Aquel día, sin embargo, no me encontré con ninguno. Anduve sin prisa, aunque tenía previsto regresar dentro de poco. Me alejé unos doscientos metros más, quizá trescientos. La luz era cada vez más escasa; el sol había dejado sobre las colinas un fulgor encarnado. A la derecha del camino, a no mucha distancia de los álamos, había una olmeda. De pronto creí ver algo extraño en ella; me pareció que la cruzaba un extraño animal. Tal vez era efecto de la hora, de la falta de luz. Fueron unos segundos. Atraído por el misterio, decidí acercarme a la olmeda. Era un enjambre de penumbra. Permanecí parado, ansioso por lo que pudiera aparecer. Cuando ya me iba, oí una especie de crujido. Sonó muy cerca de mí, a unos pasos tan solo. Acaso alguien se ocultaba tras un olmo. El sonido se repitió, ahora más nítido. Tuve la impresión de que era vigilado. No me moví, aguanté como pude. Transcurrió un tiempo, al cabo del cual asistí a un hecho inaudito: un unicornio pasó raudo ante mí; tenía la crin blanca, los ojos de azabache, el cuerno estrecho y de un tono azulado. Pasó solo una vez, aunque fue suficiente para que yo creyera que lo había visto. No, no había sido producto de la imaginación; lo tuve muy claro en aquel momento.
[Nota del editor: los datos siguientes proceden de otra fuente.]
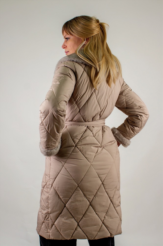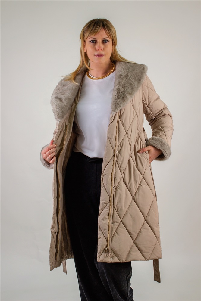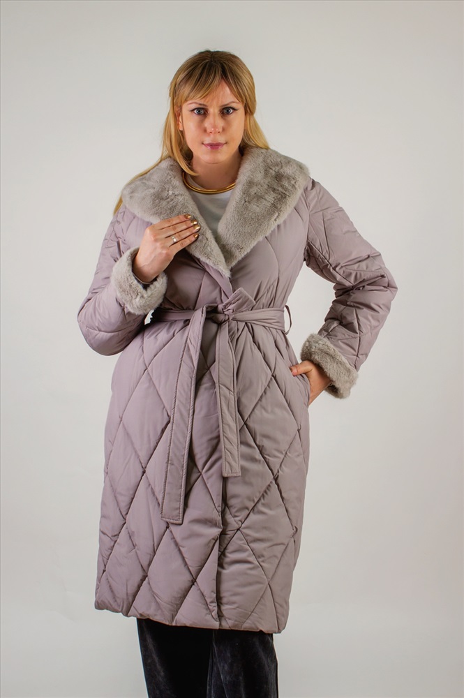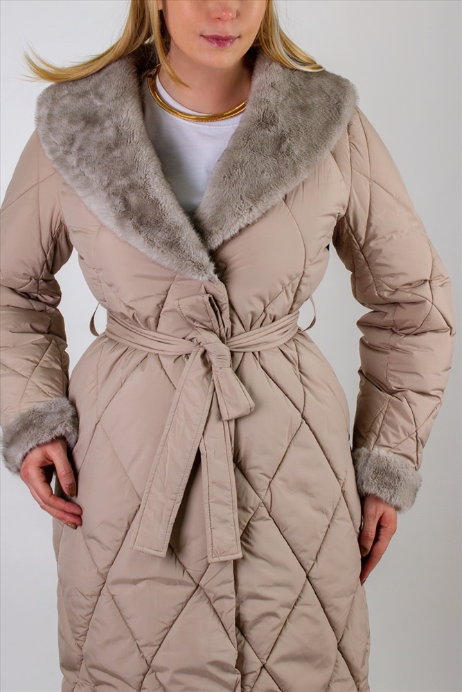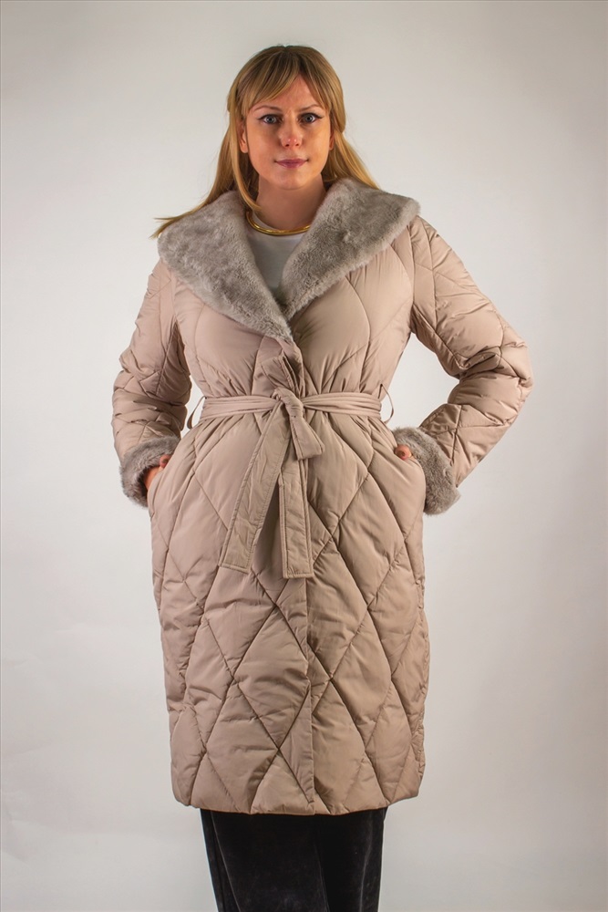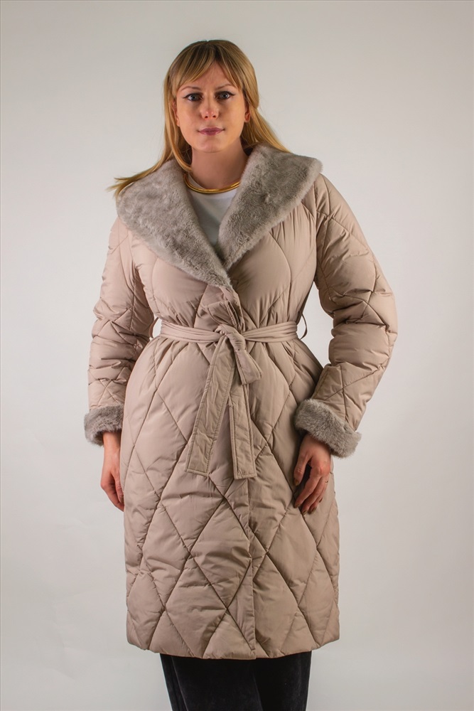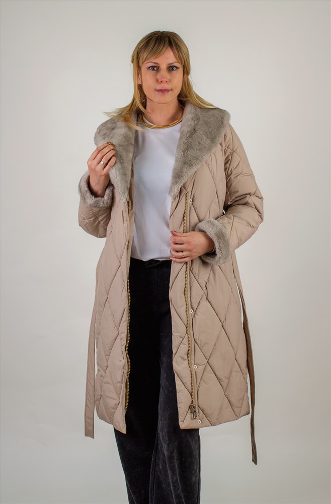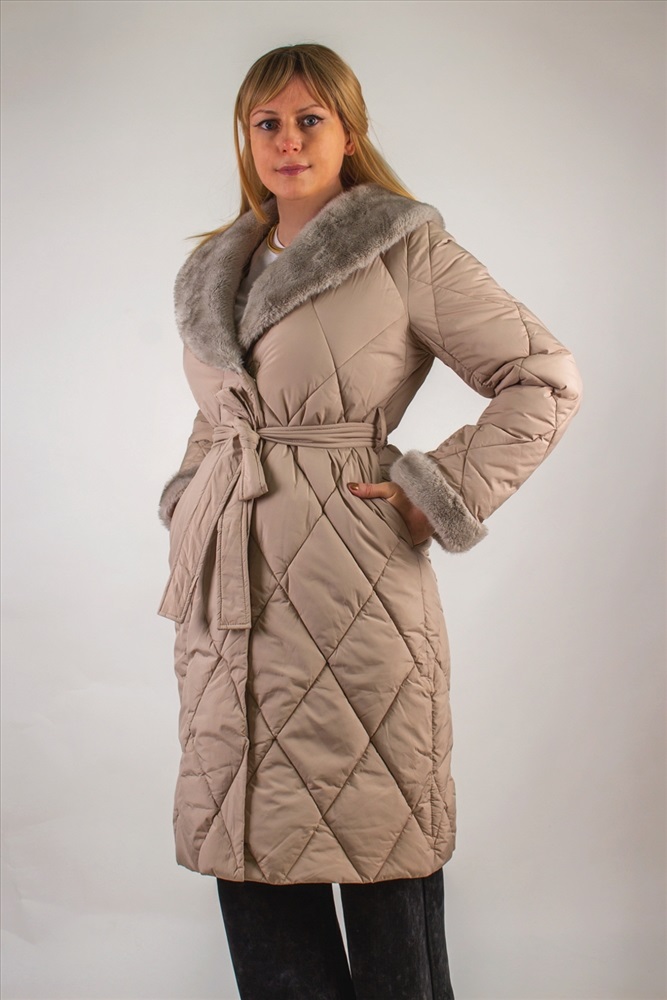 Состав: 100% п/э Модель: Стеганое пальто с меховой отделкой арт. 23153 Тип товара: пальто Материал: наполнитель холлофайбер | курточная стеганая | курточная стеганая | наполнитель холлофайбер Бренд: Styie Evolution Длина: длинный Карман: прорезные Отделка: с карманами | с манжетами | с мехом | с поясом Рисунок: однотонные Рукав: длинный рукав Сезонность: осень | весна | зима Силуэт: свободный Скидка: любая | от 10% и больше Стиль: повседневный Воротник: отложной воротник | воротник шалька Застежка: молния | пояс Стеганое пальто с меховой отделкой арт. 23153, евро-зима, демисезон. это сочетание утончённого городского стиля и продуманной функциональности. Модель с утеплителем оптимальной плотности, что позволяет комфортно чувствовать себя при температурах до 10С . Демисезонная адаптивность делает пальто универсальным решением для межсезонья, когда погода переменчива. Верх выполнен из износостойкого полиэстера с водоотталкивающей пропиткой, сохраняющей лёгкость и не дающей влаге скапливаться на поверхности. Диагональная стёжка ромбом равномерно распределяет наполнитель, предотвращая холодные зоны и деформацию изделия после стирок. Модель легко стирается в деликатном режиме, не теряя формы и цвета. Отложной воротник и отделка манжет декорированы искусственным мехом серого оттенка под норку, придающим акцент и уютный объём у лица и на рукавах. Такой приём не просто украшает изделие, но и защищает от ветра и холода. Трикотажные рукава на манжетах обеспечивают свободу движений и создают дополнительный тепловой барьер. Пальто застёгивается на двухзамковую молнию с защитной планкой на кнопках конструкция надёжна, удобна в эксплуатации и защищает от продувания. Акцентным дополнением служит съёмный пояс в тон, подчёркивающий линию талии и создающий изящный силуэт песочные часы. По бокам расположены два скрытых кармана-листочки с застёжками-кнопками, чтобы ценные мелочи и смартфон всегда были под рукой. Бежевый оттенок фасона универсален: он гармонирует с яркими и нейтральными образами, легко комбинируется с шарфами, шапками и обувью любого стиля. Это пальто станет вашим верным спутником в городе и на загородных прогулках, обеспечивая комфорт и безупречный внешний вид. Арт. 23153 выбор современных женщин, ценящих качество, тепло и элегантность в каждой детали. Таблица размеров и веса

Me consideré desde entonces un afortunado, un ser escogido por la Providencia para que fuera testigo de la aparición de un unicornio. He guardado el secreto con celo; tenía miedo de que se rompiera el hechizo en el que vivo si lo contaba. Habrá mucha gente que no lo crea; yo no trataré de convencerla, no es ese mi objetivo. Lo único que pretendo ahora es dar fe de que cuanto me sucedió después ha sido extraordinario: por eso decía que soy un hombre con suerte. No es una fortuna que se cifre en riquezas o en actos brillantes, con los que se culmina una carrera. No es eso. Es algo muy profundo: es un júbilo que siempre bulle en mí, un gozo infinito. El unicornio, con su aparición, me ha hecho feliz. Es lo que quiero comunicar al mundo, que hay una vida más bella que quizá no han descubierto todavía nuestros ojos.
Me he propuesto esculpirlo; es la única misión que me queda. Deseo tallar su imagen para que todos la contemplen, para que crean en lo que yo creí. Ojalá acierte: ojalá mis manos sepan dar forma a aquel ser fantástico que a mí se apareció.